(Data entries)
☆ ☆ ☆
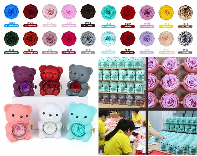 비누꽃과는 다릅니다. 저희 프리저브드플라워 서프라이즈 포옹베어는 신선한 생화를 사용하여 탈수, 색상보존, 성형 등 일련의 특별한 공정을 거쳐 제작됩니다. 이 꽃은 실제 꽃의 풍성함과 모양을 유지하므로 더 오래 지속됩니다! 일반적으로 3~5년 정도 사용할 수 있습니다! 물을 줄 필요가 없습니다! 그들은 활기차고 활기차게 유지됩니다! 이 사려 깊은 선물이 영원히 지속되도록 해주세요!
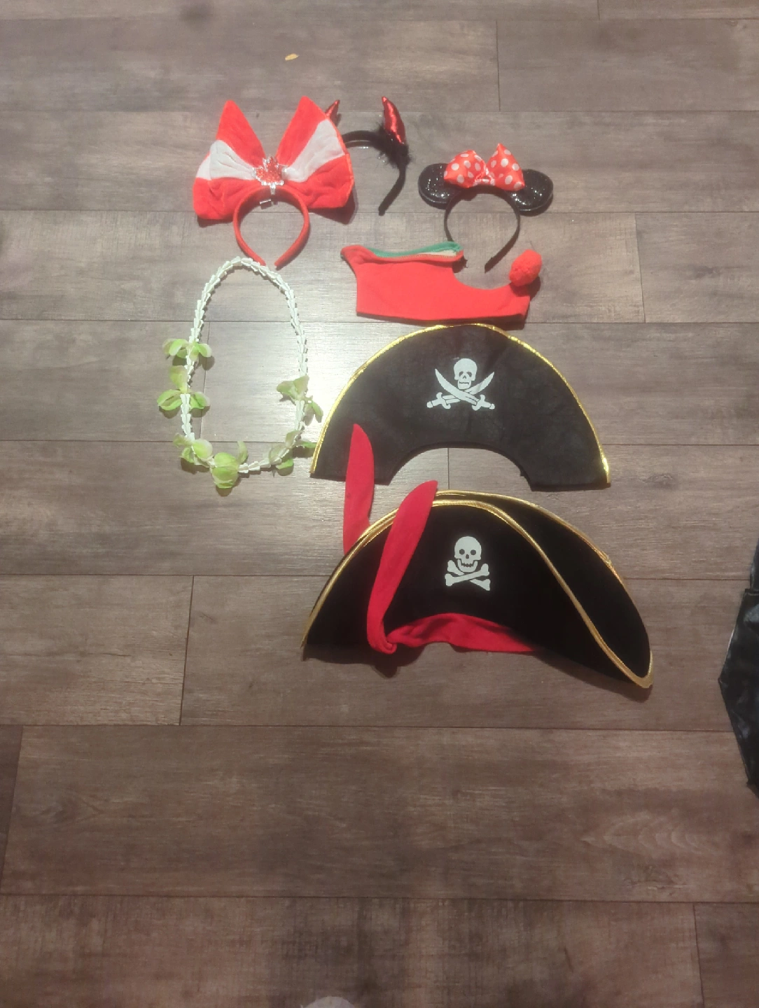 Selling a collection of fun costume accessories! Includes a Minnie Mouse headband, devil horns, a red and white bow headband, a pirate hat, and more. Perfect for dress-up or Halloween!
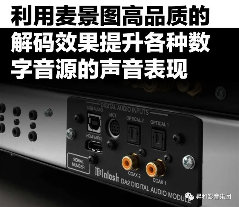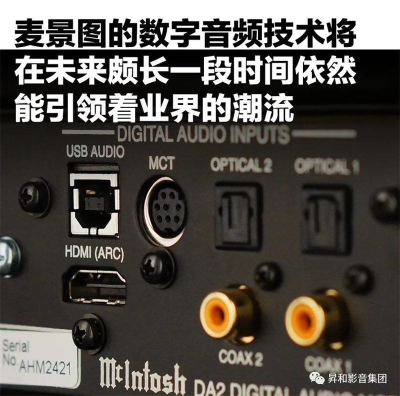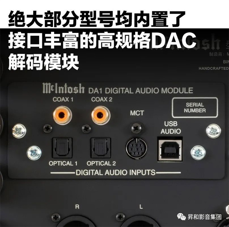 McIntosh麦景图合并功放和前级内置的高格式音频解码模块具先进的技术,支持包括独家MCT端子、USB、同轴、光纤,甚至HDMI在内的多组数字音频输入接口,最高可对应32Bit/384kHz和DSD512的数字音频规格,意味着McIntosh麦景图的数字音频技术将在未来颇长一段时间依然能引领着业界的潮流。并且,在产品规划阶段就预留了可持续升级的设计,其内置的DAC模块为可更换式设计,以备以后有新技术新格式需更新时,无需更换功放/前级整机即可选择通过更新组件的形式升级,从一个侧面印证了McIntosh麦景图追求最大投资价值的产品理念。
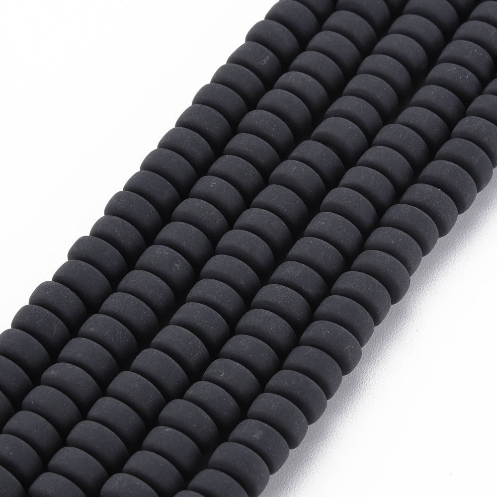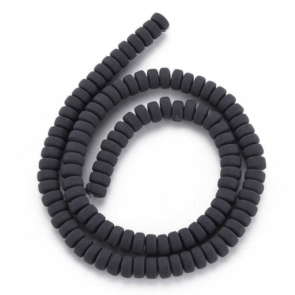 Description: Handmade Polymer Clay Beads. Round with flat sides. Measure about 6mm wide x 3mm thick, 1.5mm hole. Sold by the strand.
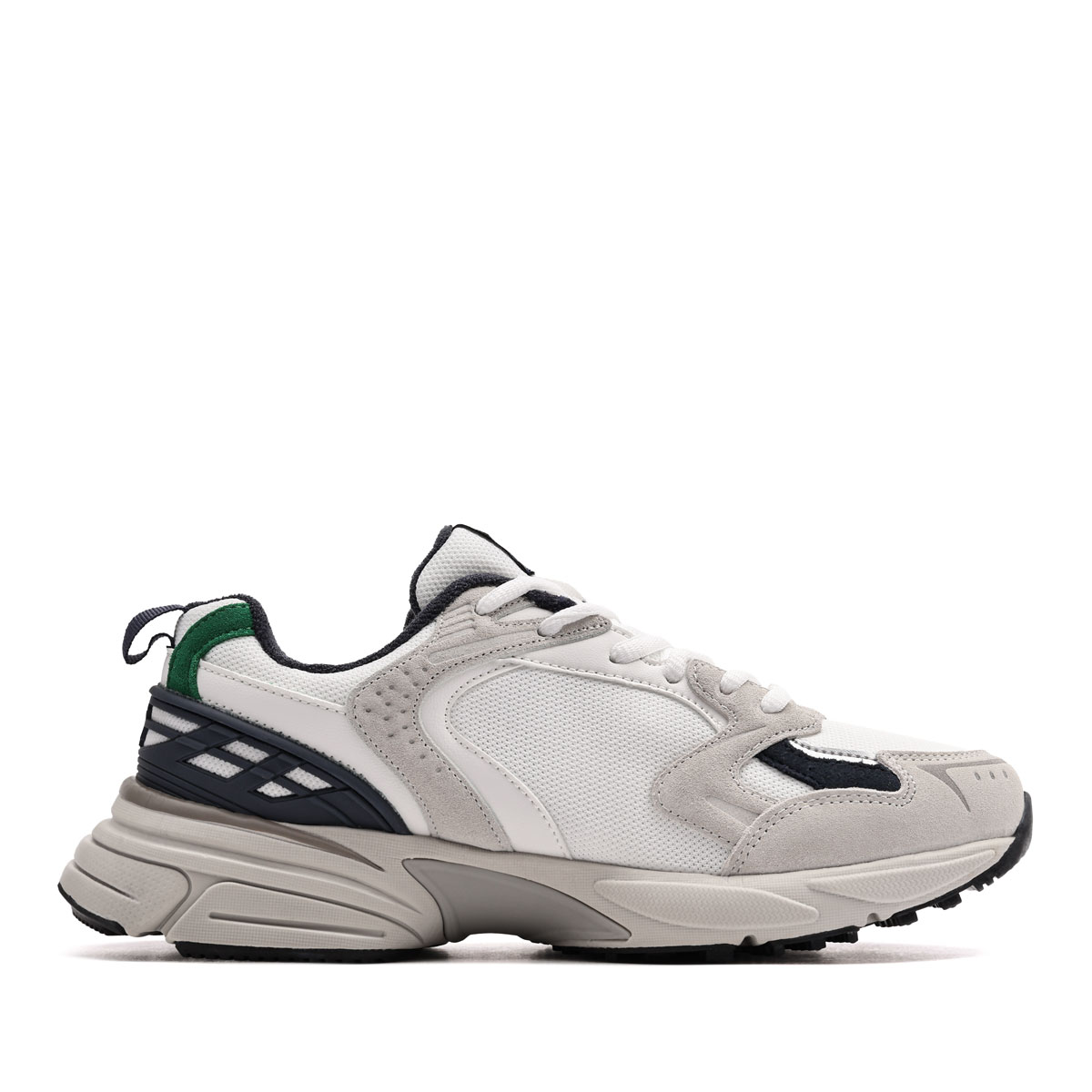 - partea superioară din plasă multistratificată care asigură o bună ventilație și elemente din piele (căprioară ) în zonele cheie ale piciorului pentru rezistență și durabilitate;
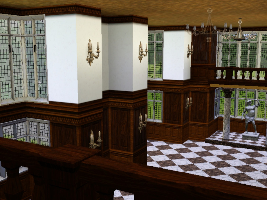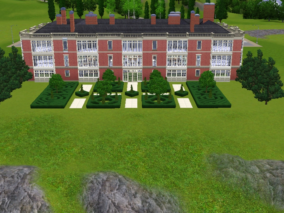 An extensive and beautiful Elizabethan prodigy house complete with Great Hall and Long Gallery. I have constructed undecorated floor plans (complete with doors and fireplaces) on the ground and first floors. The top floor has a great deal of empty space for creating your own private appartment fo your sims.
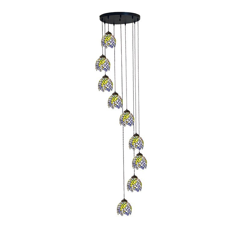 7-Inch Wisteria Love Large 9-Light For High Ceilings Staircase Stairwell Tiffany Pendant Light
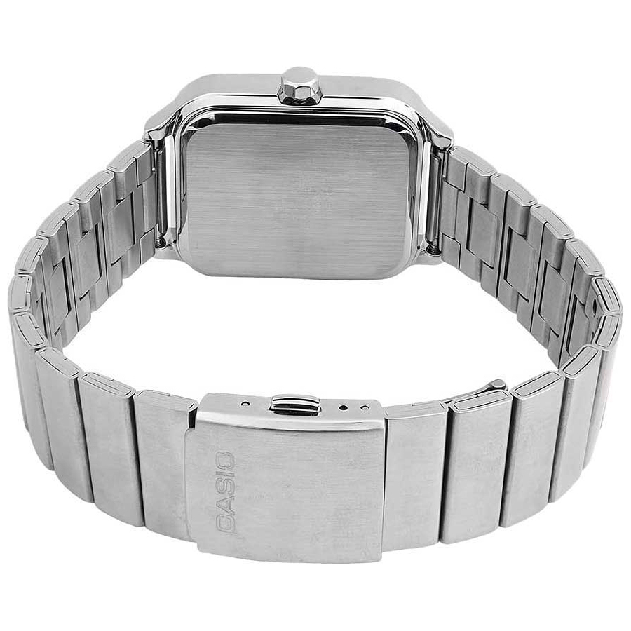 Корпус: Прямоугольный корпус хромированного цвета из нержавеющей стали. Циферблат выполнен по технологии Sunray (солнечные лучи) бежевого цвета. Стрелки, метки в виде штрихов и арабской цифры синего цвета. Минеральное стекло защищает циферблат от повреждений. Габаритные размеры: 34х44,5мм, толщина 9,3мм. Водозащита: 5 ATM.
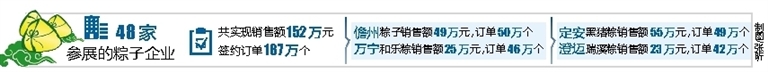 为期2天的“2016中国·海南名粽展销会”落幕了,成果丰硕。据不完全统计,仅展销会活动期间,48家参展的粽子企业共实现销售额152万元,签约订单187万个,其中,儋州粽子销售额49万元,订单50万个;万宁和乐粽销售额25万元,订单数量46万个;定安黑猪粽销售额55万元,订单49万个;澄迈瑞溪粽销售额23万元,订单42万个。
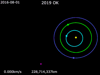- ^ a b c d e "JPL Small-Body Database Browser: (2019 OK)" (2019-07-25 last obs.). Jet Propulsion Laboratory. Retrieved 28 July 2019.
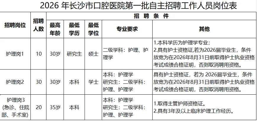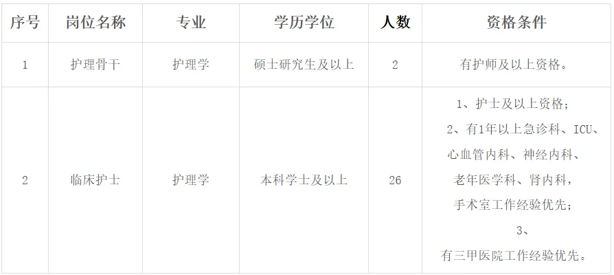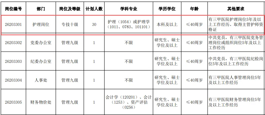 1、学历专业:本科及以上护理学或助产学专业(2026届应届毕业生优先),需在2026年7月31日前取得毕业证、学位证;
☆ ☆ ☆
All records, pictures excluded: copy them exactly.

▶ _Answer space_
 비누꽃과는 다릅니다. 저희 프리저브드플라워 서프라이즈 포옹베어는 신선한 생화를 사용하여 탈수, 색상보존, 성형 등 일련의 특별한 공정을 거쳐 제작됩니다. 이 꽃은 실제 꽃의 풍성함과 모양을 유지하므로 더 오래 지속됩니다! 일반적으로 3~5년 정도 사용할 수 있습니다! 물을 줄 필요가 없습니다! 그들은 활기차고 활기차게 유지됩니다! 이 사려 깊은 선물이 영원히 지속되도록 해주세요!
 Selling a collection of fun costume accessories! Includes a Minnie Mouse headband, devil horns, a red and white bow headband, a pirate hat, and more. Perfect for dress-up or Halloween!
 McIntosh麦景图合并功放和前级内置的高格式音频解码模块具先进的技术,支持包括独家MCT端子、USB、同轴、光纤,甚至HDMI在内的多组数字音频输入接口,最高可对应32Bit/384kHz和DSD512的数字音频规格,意味着McIntosh麦景图的数字音频技术将在未来颇长一段时间依然能引领着业界的潮流。并且,在产品规划阶段就预留了可持续升级的设计,其内置的DAC模块为可更换式设计,以备以后有新技术新格式需更新时,无需更换功放/前级整机即可选择通过更新组件的形式升级,从一个侧面印证了McIntosh麦景图追求最大投资价值的产品理念。
 Description: Handmade Polymer Clay Beads. Round with flat sides. Measure about 6mm wide x 3mm thick, 1.5mm hole. Sold by the strand.
 - partea superioară din plasă multistratificată care asigură o bună ventilație și elemente din piele (căprioară ) în zonele cheie ale piciorului pentru rezistență și durabilitate;
 An extensive and beautiful Elizabethan prodigy house complete with Great Hall and Long Gallery. I have constructed undecorated floor plans (complete with doors and fireplaces) on the ground and first floors. The top floor has a great deal of empty space for creating your own private appartment fo your sims.
 7-Inch Wisteria Love Large 9-Light For High Ceilings Staircase Stairwell Tiffany Pendant Light
 Корпус: Прямоугольный корпус хромированного цвета из нержавеющей стали. Циферблат выполнен по технологии Sunray (солнечные лучи) бежевого цвета. Стрелки, метки в виде штрихов и арабской цифры синего цвета. Минеральное стекло защищает циферблат от повреждений. Габаритные размеры: 34х44,5мм, толщина 9,3мм. Водозащита: 5 ATM.
 为期2天的“2016中国·海南名粽展销会”落幕了,成果丰硕。据不完全统计,仅展销会活动期间,48家参展的粽子企业共实现销售额152万元,签约订单187万个,其中,儋州粽子销售额49万元,订单50万个;万宁和乐粽销售额25万元,订单数量46万个;定安黑猪粽销售额55万元,订单49万个;澄迈瑞溪粽销售额23万元,订单42万个。
- ^ a b c d e "JPL Small-Body Database Browser: (2019 OK)" (2019-07-25 last obs.). Jet Propulsion Laboratory. Retrieved 28 July 2019.
 1、学历专业:本科及以上护理学或助产学专业(2026届应届毕业生优先),需在2026年7月31日前取得毕业证、学位证;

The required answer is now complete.